Orb Media’s global data analysis and reporting reveals that acceptance of violence against civilians is on the rise. In this story, major gaps in efforts to prevent new terrorist recruits have been identified. This story challenges readers to consider the question: Given the trillions of dollars spent on military tactics associated with counterterrorism, what more can be done to prevent terrorism?

Inside a busy roadside restaurant in the Central Java town of Solo in Indonesia, Joko Tri Harmanto scooped strips of breaded tempeh from oil sizzling in a blackened wok early on a recent Saturday morning. Next to him, a friend poured cups of steaming broth over bowls of rice to make a soup called soto. Customers stood at the entry to the kitchen placing orders as the pair worked to keep up with the breakfast rush.

Harmanto and his friend, Wasiran, live a few houses away from each other just around the corner. But they are not just friends or business partners. Harmanto opened this restaurant with Wasiran because of one powerful concern: that Wasiran might join a violent group. “He is less fortunate economically, so I grabbed him so he won’t take part,” says Harmanto.

Harmanto says he knew that Wasiran was at risk the way a soccer coach can spot a promising player: Experience. Harmanto is a former terrorist himself, with the blood of hundreds on his hands. In 2002, Harmanto helped build the massive car bomb that the Al-Qaeda-affiliated group Jemaah Islamiyah blew up in Bali. It killed 202 people. Hundreds more were injured, and Bali’s tourist economy suffered for years.

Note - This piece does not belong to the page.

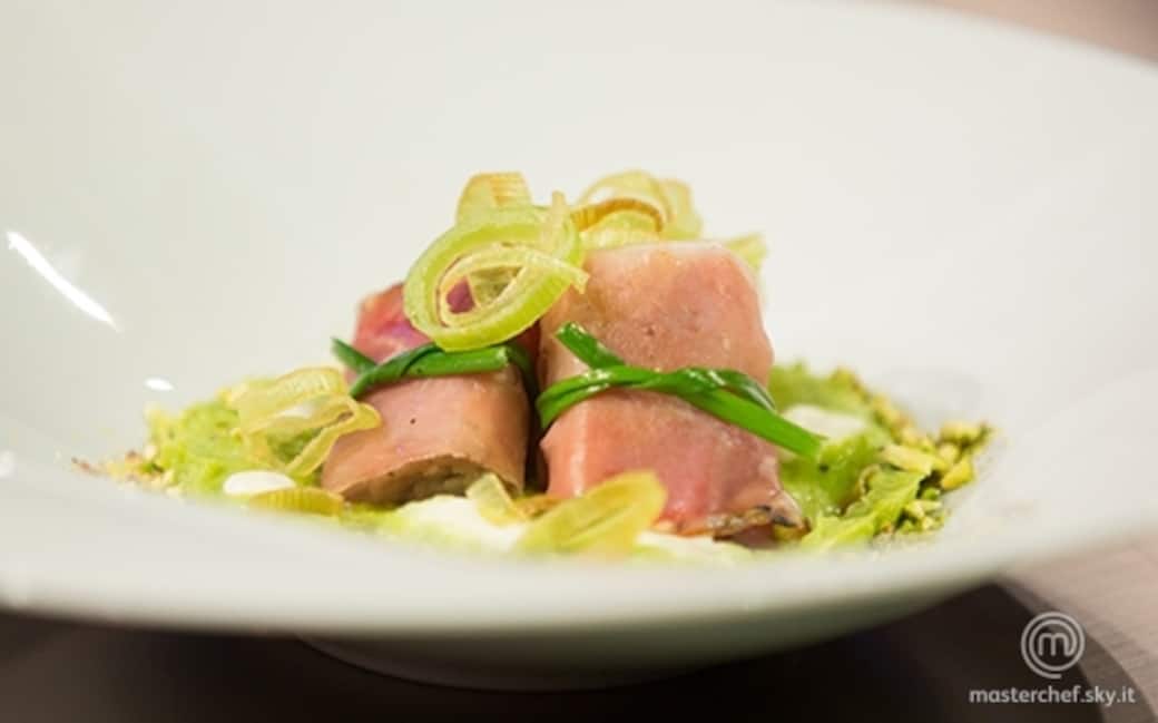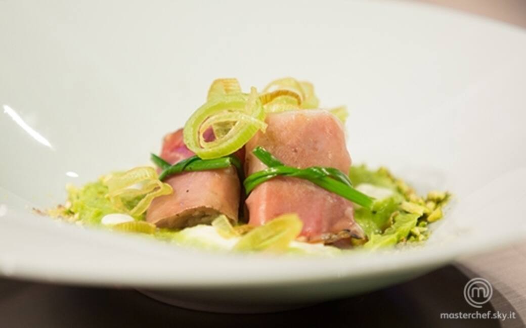 Comporre il piatto: posizionare la crema di piselli a specchio sul fondo del piatto, lasciare cadere alcune gocce di panna acida, adagiare successivamente i pacchetti al centro del piatto e il porro croccante a cascata; con i pistacchi tritati a coltello decorare il bordo della crema formando una specie di cornice.

Now, he is trying to prevent others from following his path toward violence – starting with his friend.

Wasiran is no outlier. Orb Media's reporting and data analysis shows that terrorism has been spreading to more countries, and that the acceptance of violence against civilians is growing in nearly every region of the world. Despite trillions of dollars spent on fighting terrorism since theattackson September 11, 2001, more countries than ever are experiencing terrorism.

At the same time, efforts to prevent terrorist recruitment have been slow to materialize and are localized, rarely based on the best research and lack rigorous evaluation. Despite all of the global focus on protecting citizens against violent attacks and killing and arresting terrorists, governments have paid little attention to the pipeline of those joining the terrorist ranks.

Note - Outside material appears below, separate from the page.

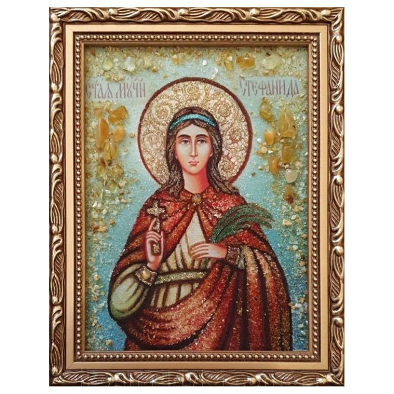 Икона из янтаря "Святая мученица Стефания (Стефанида)" 20x30

“We are not doing enough on prevention,” says Eric Rosand, a senior fellow at the Brookings Institution in Washington, DC, who directs The Prevention Project: Organizing Against Violent Extremism. “We have just been doing more of the same and more of it.”

In fact, there is little agreement on just how to prevent people from getting recruited. Academics have a basic understanding of why people join these groups, but the research is limited and not well funded. There is little evidence to indicate which approaches work best.

Harmanto has his own deeply personal approach to prevention based on his experience and ideology that he relates to student and religious groups. So far it has also worked for his friend Wasiran. “I used to be chaotic, I was ignorant, I didn’t care about others,” says Wasiran, aware that he was a prime target for recruitment in Solo, a city that has a history of violent extremism. “After I learned from him, thank God, I was able to control my emotions.”

He, like Harmanto, retains a hardline view of Islam and believes his religion is under attack in Indonesia, the world’s largest Muslim-majority country. Yet now, he believes that violence should only be used in self-defense. “After I met him, I learned a lot about religion, and how to live in society,” Wasiran says.

But that idea – that one can curb the impulse to violence while leaving radical ideology unchanged – is controversial. In fact, it is the opposite of the approach taken by programs in Germany that date back to the 1980s.

“Right-wing extremism that isn’t even violent, that is really alarming to us,” says Claudia Dantschke, project director with Hayat-Germany in Berlin, which works with the families of young people who are being radicalized. Because the country’s former Nazi ideology resulted in genocide and world war, extremist ideology is not tolerated in Germany. 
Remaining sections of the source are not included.